__Recorded information__.
::::::

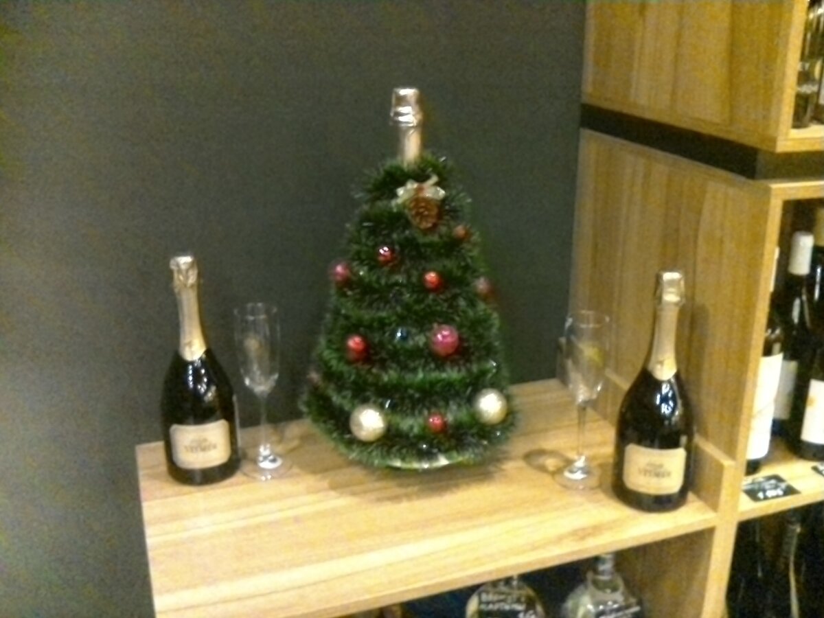 15.12.2018 собрали из бумаги, дождика и игрушек (шарики посадили на силикон). Основой ёлки послужила 3-х литровая бутылка игристого вина "Золотая Балка" Брют. Ёлу установили под уголком покупателя. Повесили снежинки. 21.12.2018 года изготовила Ирина из бумаги снежинки, я принёс деда мороза. Снежинки посадили на двухсторонний скочь.
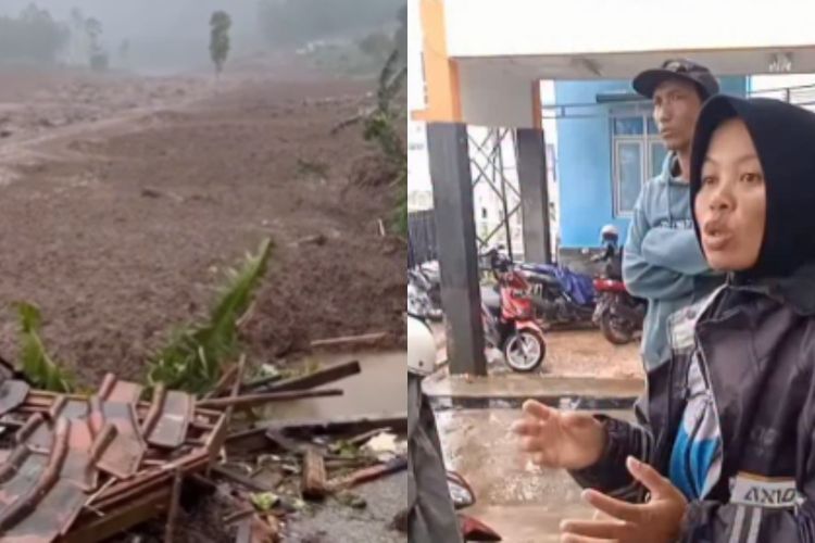 Kesaksian datang dari seorang ibu korban selamat yang mengaku mendengar suara dentuman keras sebelum longsor terjadi.
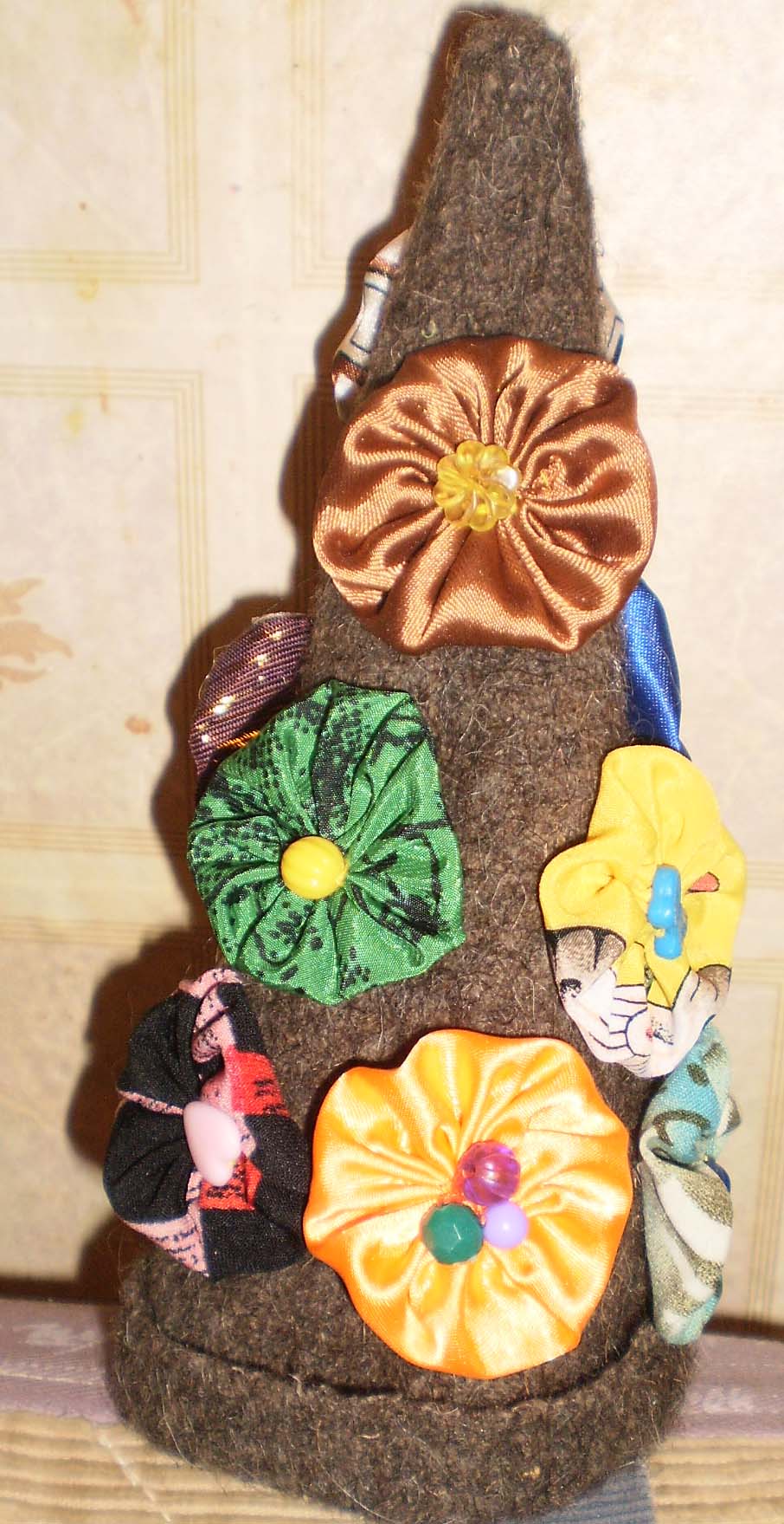 3) Треугольники накладываем друг на друга и сворачиваем в произвольные "трубочки". Затем с помощью клеевого пистолета терпеливо ряд за рядом "одеваем" свою Елочку.
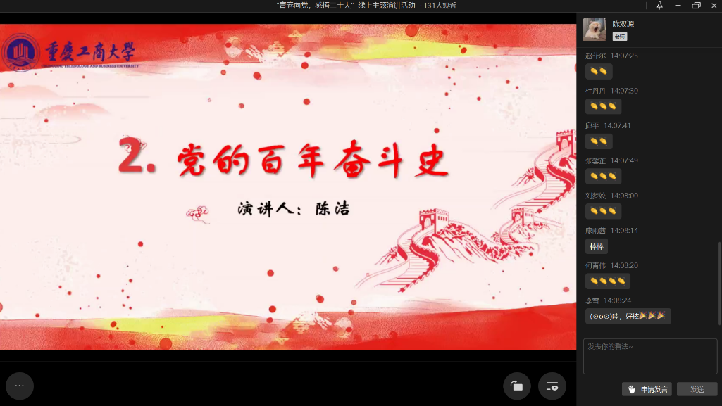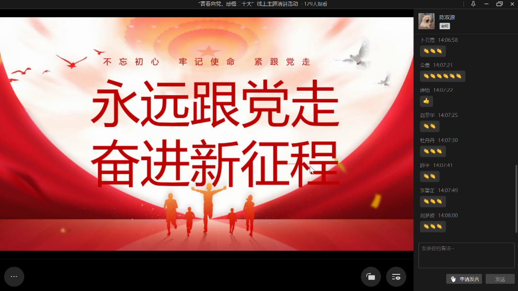 演讲期间,许多观众深有感触,自发在弹幕上发送“请党放心,强国有我”以及五星红旗的图案。分享感受的陆泯洁同学说到:“今天几位同学带领我们深入地了解了党的二十大的相关内容以及党的二十大精神,从今天的活动中,我认为我们要深学笃用习近平新时代中国特色社会主义思想,增强坚定捍卫‘两个确立’、坚决做到‘两个维护’的思想自觉和行动自觉。同时,作为新时代青年,我们要树立远大理想,勇担时代重任,自觉用党的创新理论武装头脑,坚定不移听党话、跟党走,努力成为堪当民族复兴大任的时代新人。”

::::::

__Try it__.
Your answer should reproduce every line of the data verbatim and include no images.

__Result for this task__.
 15.12.2018 собрали из бумаги, дождика и игрушек (шарики посадили на силикон). Основой ёлки послужила 3-х литровая бутылка игристого вина "Золотая Балка" Брют. Ёлу установили под уголком покупателя. Повесили снежинки. 21.12.2018 года изготовила Ирина из бумаги снежинки, я принёс деда мороза. Снежинки посадили на двухсторонний скочь.
 Kesaksian datang dari seorang ibu korban selamat yang mengaku mendengar suara dentuman keras sebelum longsor terjadi.
 3) Треугольники накладываем друг на друга и сворачиваем в произвольные "трубочки". Затем с помощью клеевого пистолета терпеливо ряд за рядом "одеваем" свою Елочку.
 演讲期间,许多观众深有感触,自发在弹幕上发送“请党放心,强国有我”以及五星红旗的图案。分享感受的陆泯洁同学说到:“今天几位同学带领我们深入地了解了党的二十大的相关内容以及党的二十大精神,从今天的活动中,我认为我们要深学笃用习近平新时代中国特色社会主义思想,增强坚定捍卫‘两个确立’、坚决做到‘两个维护’的思想自觉和行动自觉。同时,作为新时代青年,我们要树立远大理想,勇担时代重任,自觉用党的创新理论武装头脑,坚定不移听党话、跟党走,努力成为堪当民族复兴大任的时代新人。”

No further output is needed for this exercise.